We will, of course, continue to come back to the veterinarians who have, in past NAIC discussions, taken stronger positions on behalf of consumers.
“I think it would be essential for evaluating the scope, growth and performance of the pet insurance marketplace,” one of two NAIC-appointed consumer representatives to the Working Group Brendan Bridgeland (Center for Insurance Research) said when asked about overhauling the disclosure requirements and especially loss ratio data reporting.
“Loss ratio data can help consumers distinguish between contracts that provide real protection and junk insurance in which the vast majority of premiums goes to commissions and expenses, while only a few pennies of every dollar goes to pay claims,” Bridgeland added.
Update: PET INSURANCE INDUSTRY REPS WEIGH IN, SORT OF
As we went to press, we received the following from NAPHIA spokeswoman Kristen Lynch:
NAPHIA has a consensus position in support of dedicated financial reporting for pet health insurance.

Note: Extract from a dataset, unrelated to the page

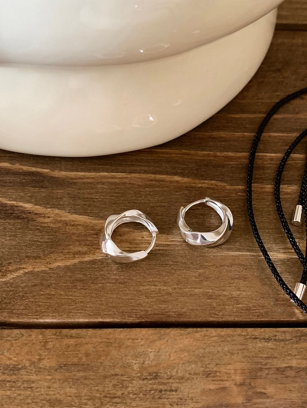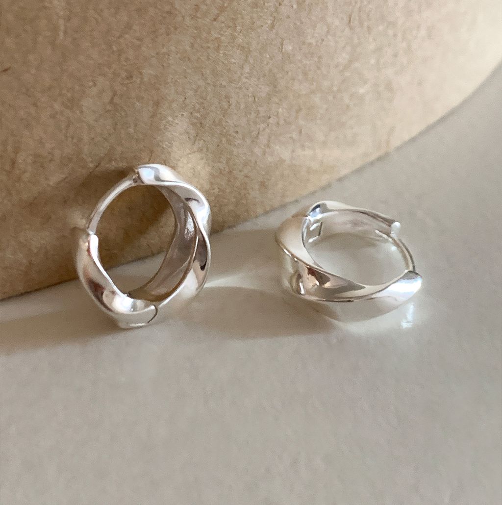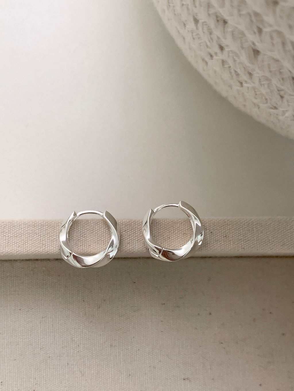 正韓 超推薦!簡約時尚扭紋圓環純銀耳環*銀*【S1216-72】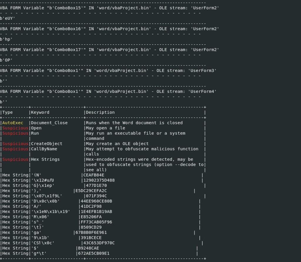 Using the OLEVBA tool shows me that the file is using some UserForm* type of OLE Stream. It also shows us some suspicious keywords that maybe malicious.

However, It is important to recognize that the challenges for this type and level of reporting will have wide ranging implications among our member companies, which is why an industry position on the specifics of these matters takes time to determine.
Regarding MCAS, this issue has never previously been proposed and with 26 ‘industry’ member companies, NAPHIA’s regulatory committee has not had an opportunity to fully assess a NAPHIA position. As an industry we value transparency with regulators and consumers: for anyone that has followed NAPHIA’s work with the NAIC throughout these past several years – during the process to establish a model law – it is evident that NAPHIA has consistently been a proponent of disclosures and transparency.
Note also that pet insurance is not being singled out by the NAIC here, the MAP and MCAS processes regarding certain line-item reporting are over-arching matters of the NAIC who are considering multiple lines of insurance coverage. As these topics have just come forth (and are being inserted at a late date into the Model Law process) the details and their implications for our industry are still in discovery. We hope that the call with the NAIC WG today will provide some insight into this.
Finally, last month Gavin Friedman Trupanion’s EVP, People & Legal (General Counsel) and John Fielding, CHUBB’s Senior Vice President & General Counsel, Global Government and Industry Affairs agreed to Co-Chair our Regulatory Committee. Rick Faucher CEO of The Connected Pet Company, (our past Regulatory Committee Chair and President of NAPHIA’s Board of Directors) will remain actively involved as well.